The past year saw a steadying in prices and a lot more transactions than the prior year, says Elizabeth F. Stribling, president of Manhattan’s Stribling & Associates, Ltd. brokerage, and she feels that equilibrium should continue. “I don’t think prices will go up too rapidly. We’ve got a balanced market,” Stribling says. “I’m hoping this year will be as strong and steady as last year, with modest price increases.”
Slow or not, 2010 sales were a marked difference from the year before. For the first six months of 2009, the city’s major brokerages did almost no business at all, but by the last quarter of that year, sales had picked up. From 2010 through the present, the New York City real estate market has continued its steady climb back up in pricing and activity. It is still largely a buyer’s market, however, and deals can be found, if prospective buyers are shrewd enough to find them.
Finding those deals depends upon what a buyer knows, and the amount of legwork he or she wants to do. It also depends upon the professional help the buyer gets. In the ultra-competitive world of New York City real estate, the sound judgment of a seasoned professional could make the difference between finding the right place and looking for another year or two.
Prices for Manhattan apartments continued to increase in the fourth quarter of 2010, with average sale prices up 8 percent from the same period the year before, according to the fourth quarter 2010 report on the residential real estate market done by Brown Harris Stevens. Co-op prices also continued to climb, with more buyers opting for larger apartments, compared to 2009. Sales of larger units of two bedrooms or more were up 40 percent from the same period a year prior. The overall average co-op price in Manhattan rose 17 percent over the year, to $1.158 million.
On the positive side, the residential real estate market in the city has rebounded much faster than most people anticipated. But a lack of new inventory coming to market already has had the effect of creating some bidding wars between buyers. Such competitions aren’t occurring for every property, which may be some evidence of a balance in inventory, Stribling says.
“According to Jonathan Miller [CEO of real estate appraisal and consulting firm Miller Samuel Inc.], during the last quarter of 2010, we were at a 10-year average of inventory,” Stribling says.
It seems the good news was somewhat unexpected. Gregory J. Heym, chief economist for the Halstead Property brokerage, says nobody expected the city’s real estate market to rebound so fast. It has followed the local economy, which also bounced back quickly.
“Unemployment in New York City was at 10.5 percent in early 2010, and ended 2010 at 8.9 percent," Heym says. "People are coming here and staying here. The city created 51,000 private sector jobs last year—the most since 2007."

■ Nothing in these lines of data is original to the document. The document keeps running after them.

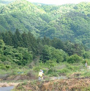 これが新緑の気持ちいい道でした。若干のアップダウンはありましたが楽しく走れました。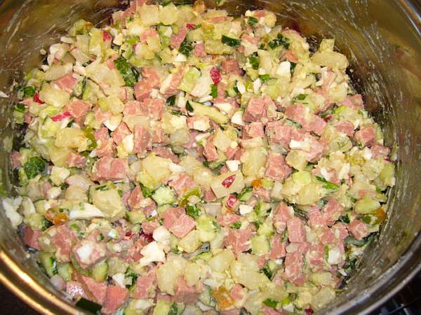 http://udaff.com/fzr/99269.htmlПС. Ну, не считая, острого перца, вполне традиционное фкусное блюдо безо всяких выибонофф (ну, не считая, острого перца). В принцыпе возможны минимальные вариации: мясо вареное - вместо колбасы или вместе с колбасой, вместо горчицы - хрен, ну, ещо зелени разной добавить - питрушки, кинзы, мяты...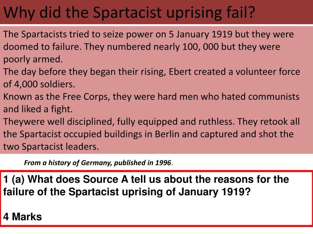 Why did the Spartacist uprising fail? The Spartacists tried to seize power on 5 January 1919 but they were doomed to failure. They numbered nearly 100, 000 but they were poorly armed. The day before they began their rising, Ebert created a volunteer force of 4,000 soldiers. Known as the Free Corps, they were hard men who hated communists and liked a fight. Theywere well disciplined, fully equipped and ruthless. They retook all the Spartacist occupied buildings in Berlin and captured and shot the two Spartacist leaders. From a history of Germany, published in 1996. 1 (a) What does Source A tell us about the reasons for the failure of the Spartacist uprising of January 1919? 4 Marks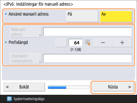 När du använder en manuell adress ställer du in <Använd manuell adress> på <På> och anger värden för <Manuell adress>, <Prefixlängd> och <Standardrouteradress>.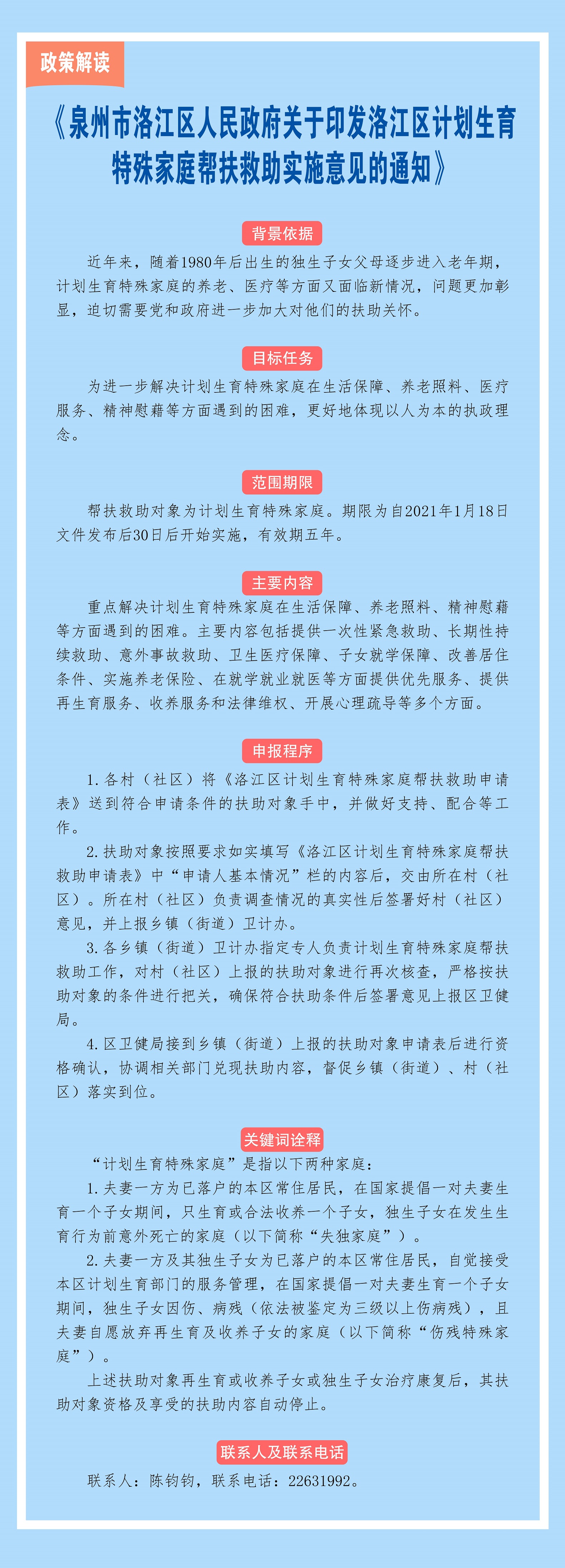 【圖解】關于《泉州市洛江區人民政府關于印發洛江區計劃生育特殊家庭幫扶救助實施意見的通知》的政策解讀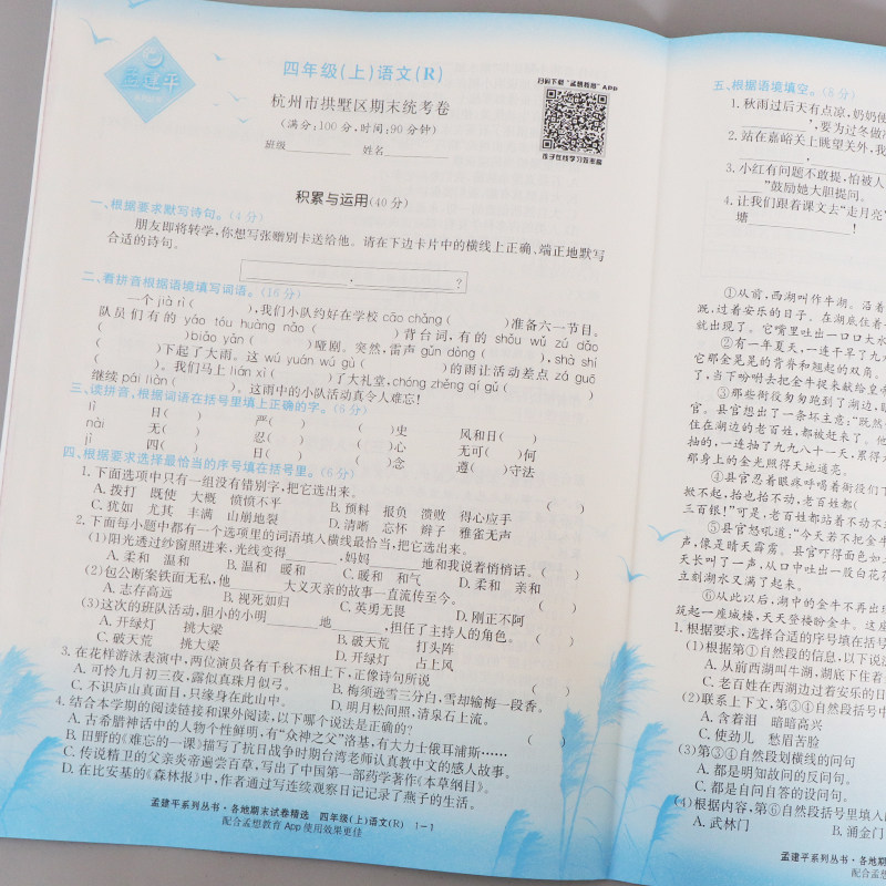 2020 Осень Новая версия четвертого класса Менга Цзяньпинга Китайского тестовых документов Синхронозное учебное издание Версии человеческого образования окончательного выбора тестовой статьи начальной школы 4 -го класса Полный набор обзоров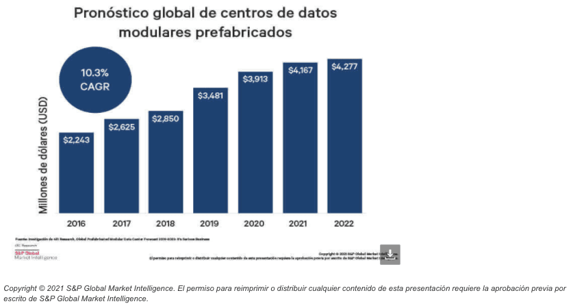 A medida que los centros de datos modulares pasan a primer plano, estos están siendo utilizados por empresas de todos los tamaños. Para 2022, el mercado global de centros de datos prefabricados alcanzará un valor de $4200 millones, más que los $2600 alcanzados en 2017, de acuerdo con 451 Research, una compañía de investigación tecnológica.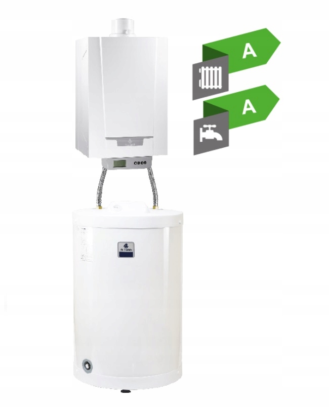 - Elastyczność montażu – kompaktowe wymiary kotła i pionowe przyłącza zasobnika

Heym expects job growth in the city to continue this year, with the finance sector adding more jobs. Health care, education and tourism also are growing in New York. Even with this economic boost, average real estate prices in the city are higher than a decade ago, but still 10 to 15 percent lower than their peak in 2007-2008.
“Certainly we’ve had to live in the past years with a great deal of uncertainty,” Heym says. “But the local economy and real estate is poised for another good year.”
Stephen Kliegerman, executive director of development marketing for Halstead Property, says the recovery in the city’s real estate market is outpacing the national recovery. Part of that local recovery is due to the unfulfilled desires of buyers, who were holding back from buying due to the economy or who couldn’t get the financing to buy. “There was a lot of pent-up demand that’s fueled the marketplace recently,” he says.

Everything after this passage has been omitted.